WHAT THE EXERCISE ASKS: Could the data below be retyped exactly, without its pictures?

BEGIN DATASET SECTION

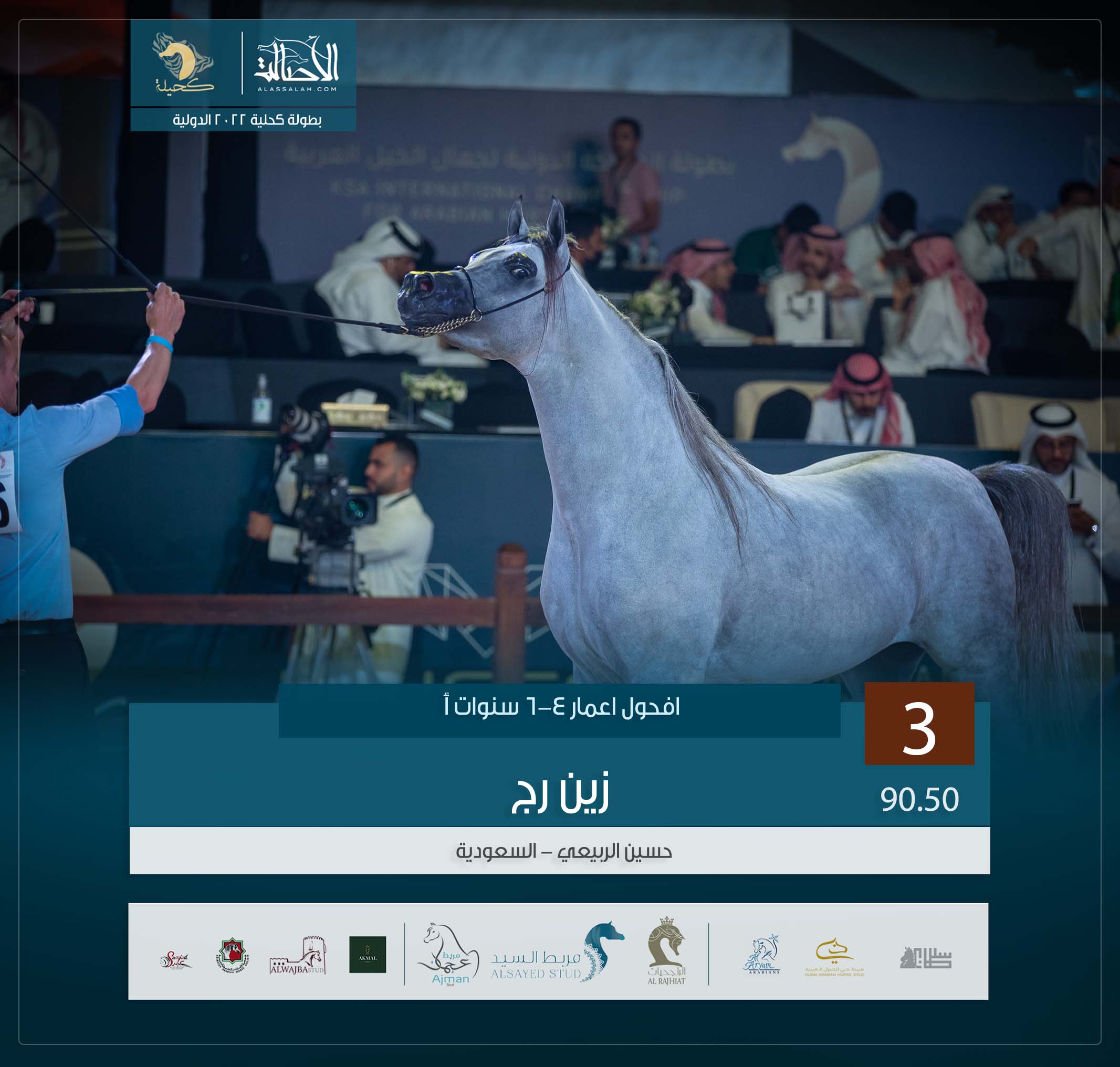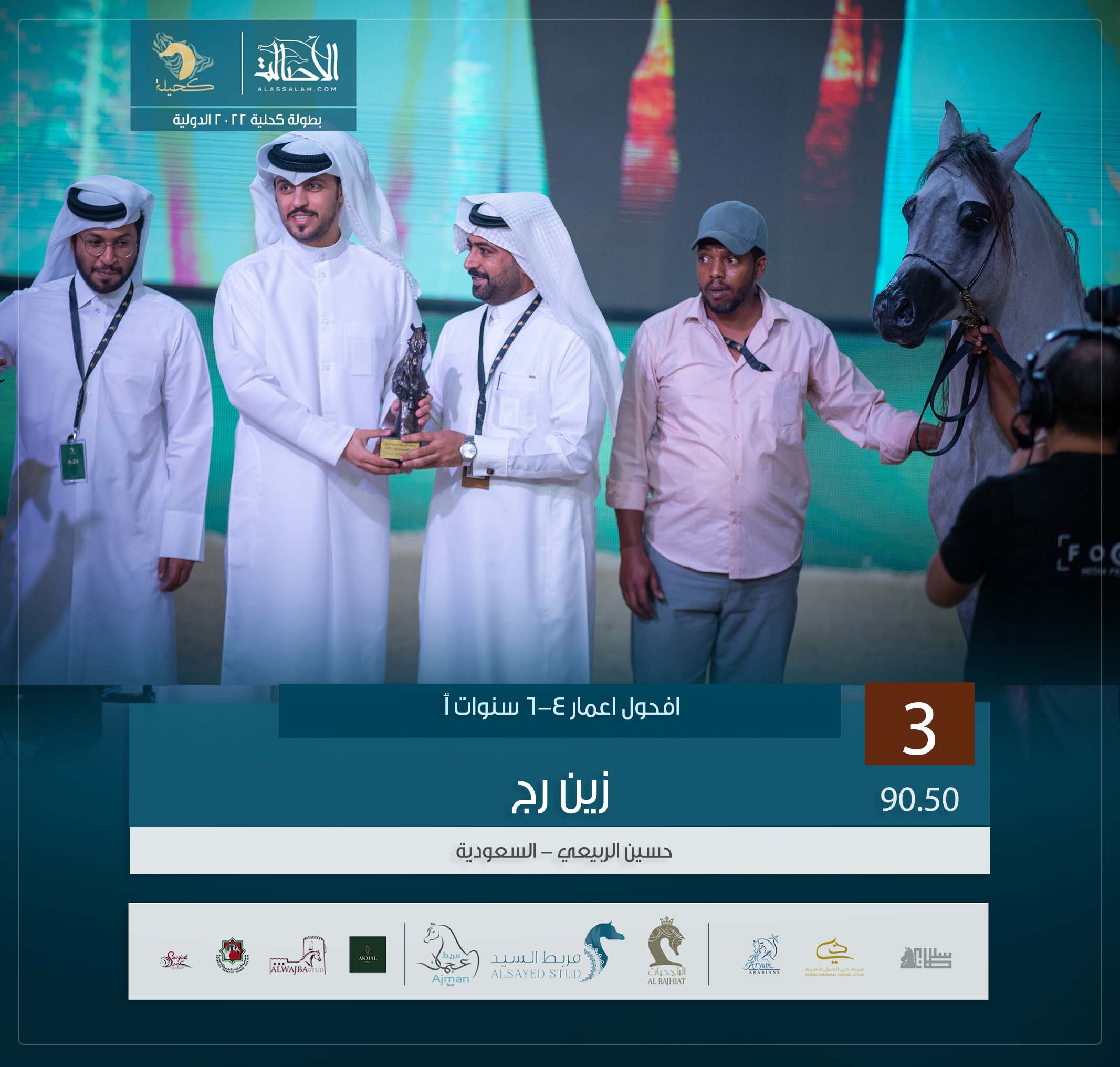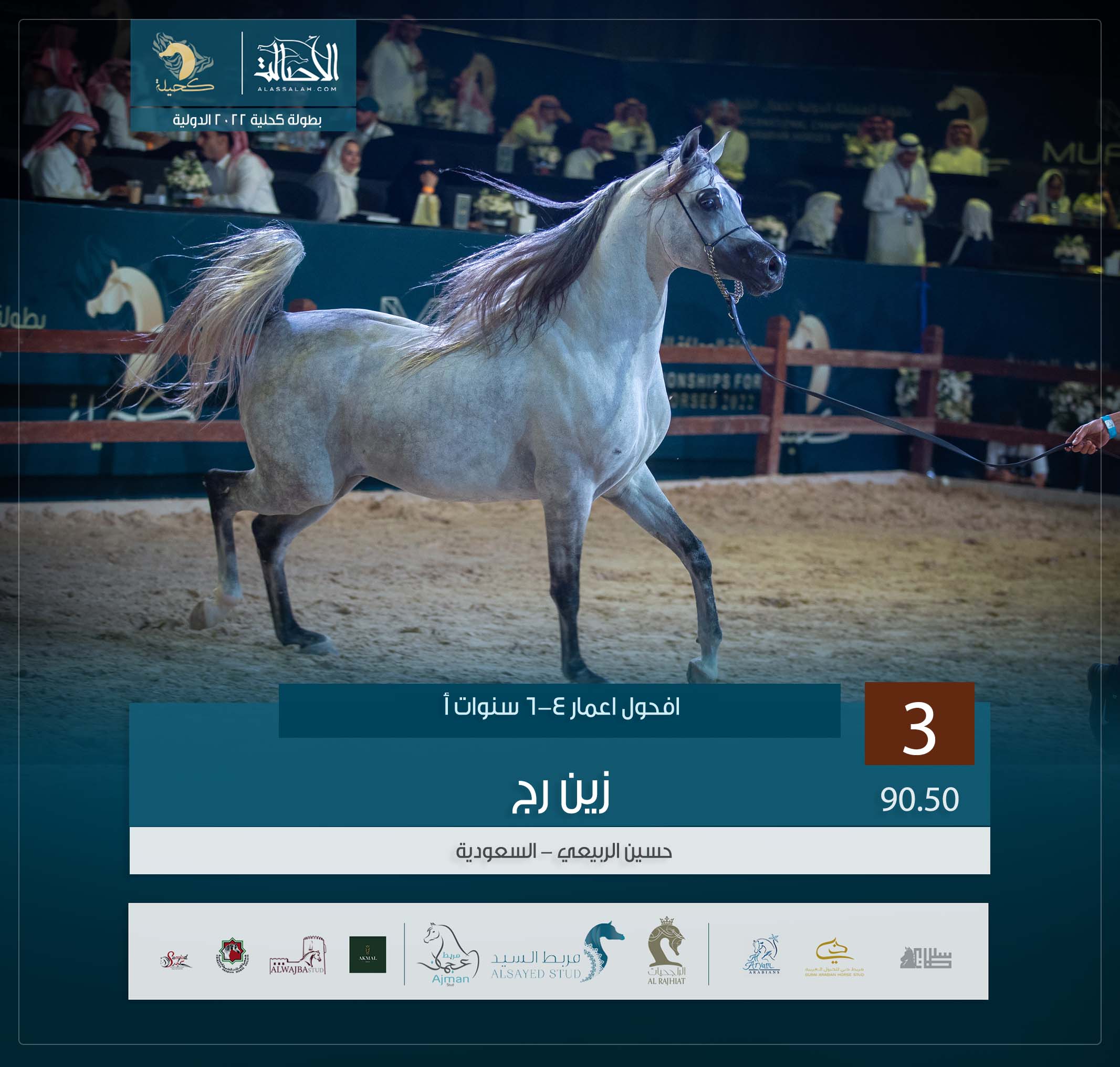 المركز الثالث:زين آر جي ( كحيل الشقب X زيناريا) حسين سالم الربيعي – الكويت.
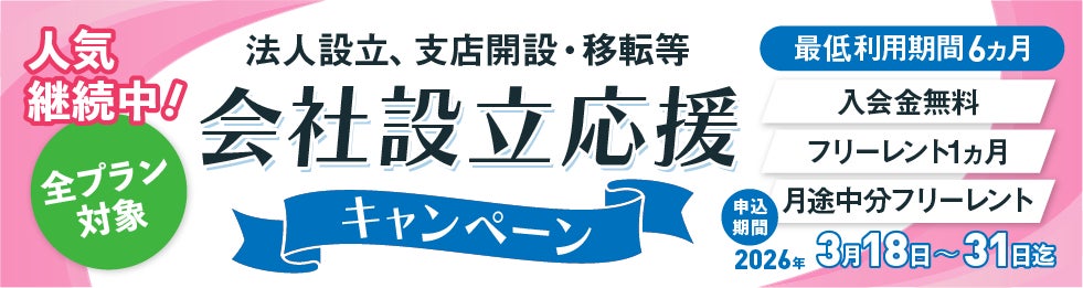 入会金無料・1か月フリーレント・月途中入会分フリーレント全プラン対象
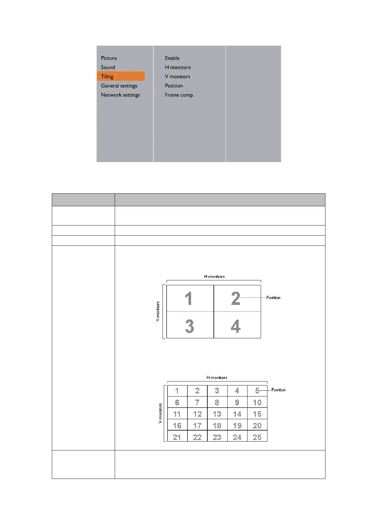 Enable Choose to On or Off the Tiling function. If On, the display will apply

END DATASET SECTION

WRITTEN SOLUTION:
 المركز الثالث:زين آر جي ( كحيل الشقب X زيناريا) حسين سالم الربيعي – الكويت.
 入会金無料・1か月フリーレント・月途中入会分フリーレント全プラン対象
 Enable Choose to On or Off the Tiling function. If On, the display will apply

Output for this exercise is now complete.